Publication transformations
Publication transformations allow you to modify publication data, extract tags, and generate idempotency keys using either jq or JavaScript programs. Transformations are executed server-side and compiled at startup for optimal performance.
Transformation engines
Centrifugo PRO supports two transformation engines:
- jq - JSON query language, ideal for data manipulation and filtering
- js - JavaScript (via goja runtime), provides familiar syntax and flexibility
Both engines receive the same input context and must return a consistent output format.
Configuration
Transformations are configured in the client_publication.transform section:
{
"channel": {
"namespaces": [
{
"name": "chat",
"client_publication": {
"transform": {
"enabled": true,
"engine": "jq",
"jq": {
"program": "{data: .data, tags: {user: .user}}"
}
}
}
}
]
}
}
Or in YAML for better readability:
channel:
namespaces:
- name: chat
client_publication:
transform:
enabled: true
engine: jq # or "js"
jq:
program: |
{
data: .data,
tags: {user: .user, priority: "high"}
}
Input context
Transform programs receive an input object with the following variables:
data(object) - The publication data sent by the client (always available)timestamp_ms(int) - Current server timestamp in millisecondsuser(string) - User ID from connection credentialsclient(string) - Client ID (unique connection identifier)meta(object) - Connection metadatavars(object) - Channel pattern variables (requires channel patterns)schema_name(string) - Name of the matched schema (empty if no schemas configured)
Only data is guaranteed to be present.

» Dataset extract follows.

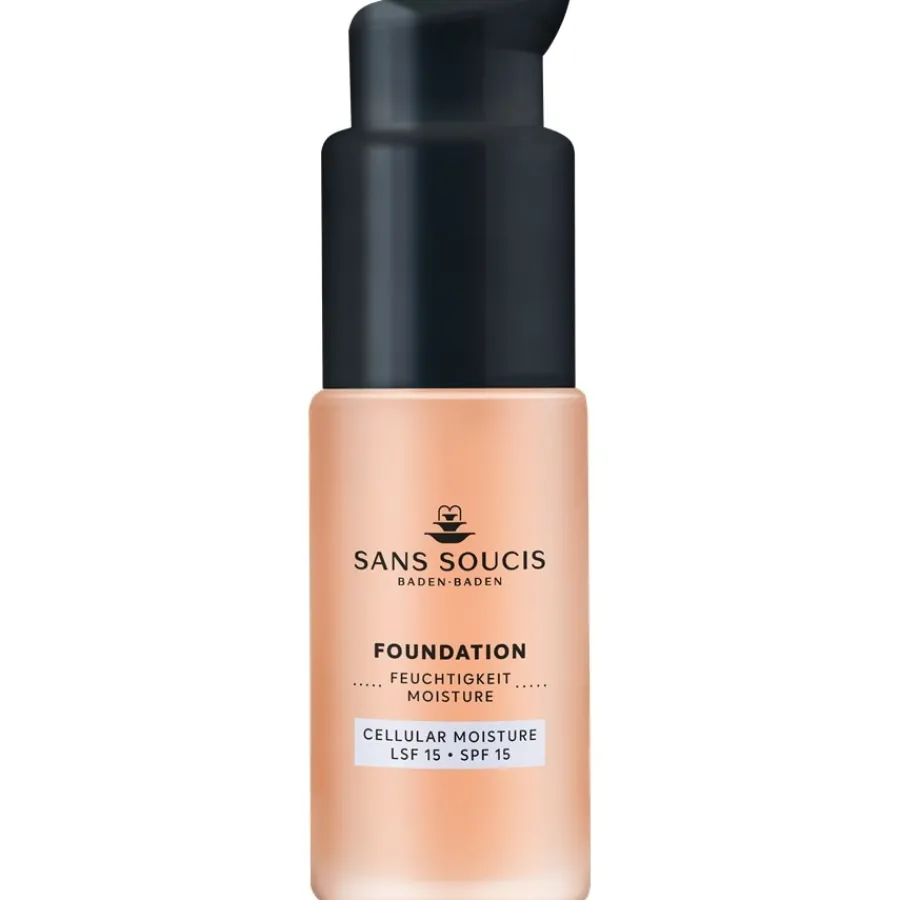 Die Formulierung der Cellular Moisture Foundation von Sans Soucis ist mit wertvollen Wirkstoffen angereichert, die den Feuchtigkeitshaushalt der Haut unterstützen. So enthält die Hautpflege Hyaluronsäure, die als einer der besten Feuchtigkeitsspender gilt und den Natural Moisturizing Factor unterstützt. So wird dem Feuchtigkeitsverlust der Haut im Gesicht wirksam vorgebeugt, während gleichzeitig ihre Elastizität, Spannkraft und Geschmeidigkeit gefördert werden. Zudem enthält die Foundation Algenextrakt. Dieser ist reich an Mineralien, verbessert ebenfalls den Feuchtigkeitshaushalt der Haut und unterstützt sie dabei, die Feuchtigkeit lang anhaltend zu speichern. Nicht zuletzt ist die Formel mit Thermalwasser aus Baden-Baden angereichert, das den natürlichen Hautstoffwechsel fördert.

Other variables depend on the context where the transformation is used.
Output format
Transform programs must return an object with optional fields:
data(object) - Transformed publication data (optional)tags(object) - Key-value pairs for publication tags (optional)idempotency_key(string) - Deduplication key (optional)

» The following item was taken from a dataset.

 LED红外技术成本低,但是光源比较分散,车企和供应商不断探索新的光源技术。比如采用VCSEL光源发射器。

All fields are optional - you can return only the ones you need.
Using jq
jq provides powerful JSON manipulation capabilities with a concise syntax.
Basic transformation:
transform:
enabled: true
engine: jq
jq:
program: |
{
data: {
message: .data.text,
user: .user,
timestamp: .timestamp_ms
},
tags: {
room: .vars.room_id,
priority: (if .data.urgent == true then "high" else "normal" end)
},
idempotency_key: (.user + ":" + (.timestamp_ms | tostring))
}
Data restructuring:
transform:
enabled: true
engine: jq
jq:
program: |
{
data: (
.data
| .author = {id: .user_id, name: .user_name}
| del(.user_id, .user_name)
),
tags: {source: "client"}
}
Using JavaScript
JavaScript provides familiar syntax and can handle complex logic.
Basic transformation:
transform:
enabled: true
engine: js
js:
program: |
(function(input) {
return {
data: {
message: input.data.text,
user: input.user,
timestamp: input.timestamp_ms
},
tags: {
room: input.vars.room_id,
priority: input.data.urgent === true ? "high" : "normal"
},
idempotency_key: input.user + ":" + input.timestamp_ms
};
})
Data restructuring:
transform:
enabled: true
engine: js
js:
program: |
(function(input) {
var data = input.data;
return {
data: {
author: {
id: data.user_id,
name: data.user_name
},
content: data.content,
metadata: data.metadata
},
tags: {
source: "client"
}
};
})
Loading programs from files
For complex transformations, you can load programs from external files:
Create program files:
{
data: {
message: .data.text,
author: .user,
timestamp: .timestamp_ms
},
tags: {
room: .vars.room_id,
priority: (if .data.urgent == true then "high" else "normal" end)
},
idempotency_key: (.user + ":" + (.timestamp_ms | tostring))
}
(function(input) {
return {
data: {
message: input.data.text,
author: input.user,
timestamp: input.timestamp_ms
},
tags: {
room: input.vars.room_id,
priority: input.data.urgent === true ? "high" : "normal"
},
idempotency_key: input.user + ":" + input.timestamp_ms
};
})
Reference in configuration:
{
"channel": {
"namespaces": [
{
"name": "chat",
"client_publication": {
"transform": {
"enabled": true,
"engine": "jq",
"jq": {
"program": "./transforms/chat.jq"
}
}
}
}
]
}
}
channel:
namespaces:
- name: chat
client_publication:
transform:
enabled: true
engine: jq
jq:
program: ./transforms/chat.jq
- Better IDE support - Syntax highlighting and validation
- Easier testing - Test programs independently
- Cleaner config - Keep configuration files focused
- Reusability - Share programs across namespaces
Integration with schemas
Transformations work seamlessly with schema validation. The matched schema name is available in the transformation context.
With schema validation:
channel:
namespaces:
- name: chat
client_publication:
schemas: ["chat_message"] # Validate before transformation
transform:
enabled: true
engine: jq
jq:
program: |
{
data: .data,
tags: {
validated_schema: .schema_name,
user: .user
}
}
Performance considerations
- Compilation - Programs are compiled once at startup and validated for correctness
- Runtime - Only program execution happens per publication
- Engine choice - Both jq and JavaScript have similar performance characteristics:
- jq: ~10,000 ns/op for typical transformations
- JavaScript: ~8,000 ns/op for typical transformations
- Minimal overhead - Simple transformations add negligible latency
Internal benchmarks show:
- Full transformation (data + tags + idempotency key): ~8-10μs per publication
- Minimal transformation (data only): ~1-2μs per publication
These are measured on modern hardware and represent worst-case scenarios. Actual performance may be better.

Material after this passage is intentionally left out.